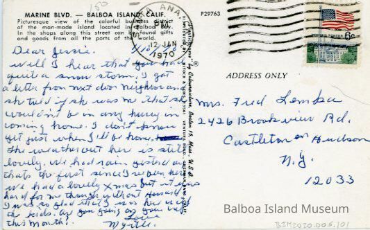 Message on the back. Sent January 12, 1970 to Mrs. Fred Lemba in Castle-on-Hudson, New York from Myrtle. Postcard was published by Mitock & Sons and printed by Colourpictures in Boston. Postcard number P29763. There is a blurb on the back about Marine Avenue.Subject
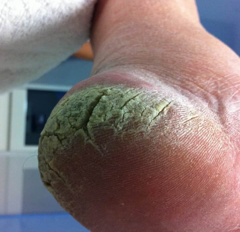 Step 4 Use a warm, damp towel to remove the product from the feet and between the toes. Rinse the feet if desired.
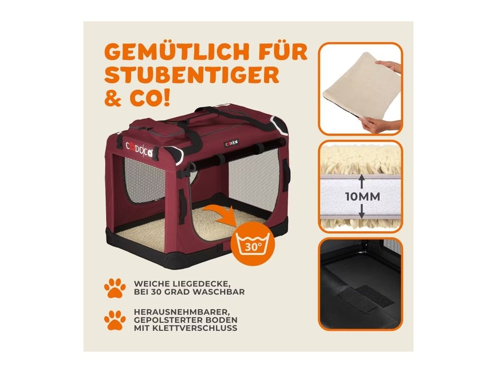 Materiálová tkanina 600D Oxford je odolná a snadno se čistí. Deka se suchým zipem je snímatelná a lze ji prát na 30°C. Díky kvalitnímu materiálu a dobrému zpracování se z boxu budete dlouho těšit vy i váš blízký.
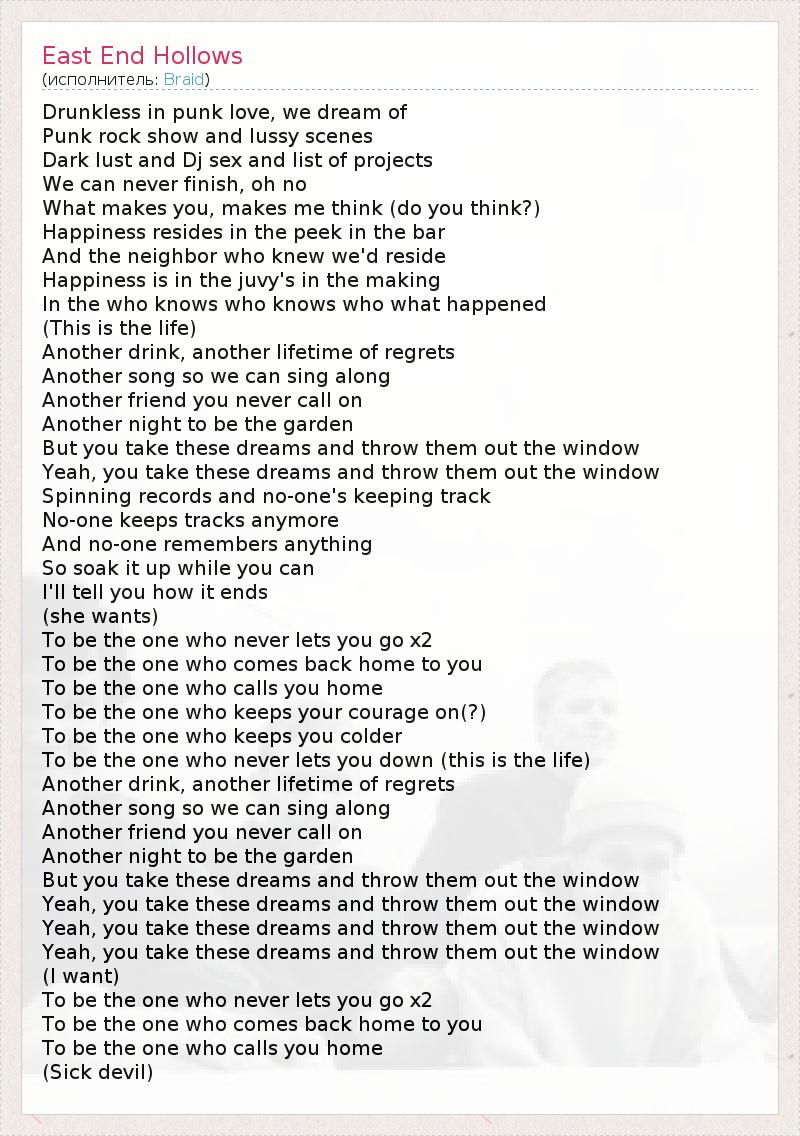 А как ты думаешь, о чем песня "East End Hollows" ?
◆ ◆ ◆
**WHAT TO PRODUCE:** Please repeat the listing precisely, excluding the pictures it contains.

**TASK RESULT:**
 Message on the back. Sent January 12, 1970 to Mrs. Fred Lemba in Castle-on-Hudson, New York from Myrtle. Postcard was published by Mitock & Sons and printed by Colourpictures in Boston. Postcard number P29763. There is a blurb on the back about Marine Avenue.Subject
 Step 4 Use a warm, damp towel to remove the product from the feet and between the toes. Rinse the feet if desired.
 Materiálová tkanina 600D Oxford je odolná a snadno se čistí. Deka se suchým zipem je snímatelná a lze ji prát na 30°C. Díky kvalitnímu materiálu a dobrému zpracování se z boxu budete dlouho těšit vy i váš blízký.
 А как ты думаешь, о чем песня "East End Hollows" ?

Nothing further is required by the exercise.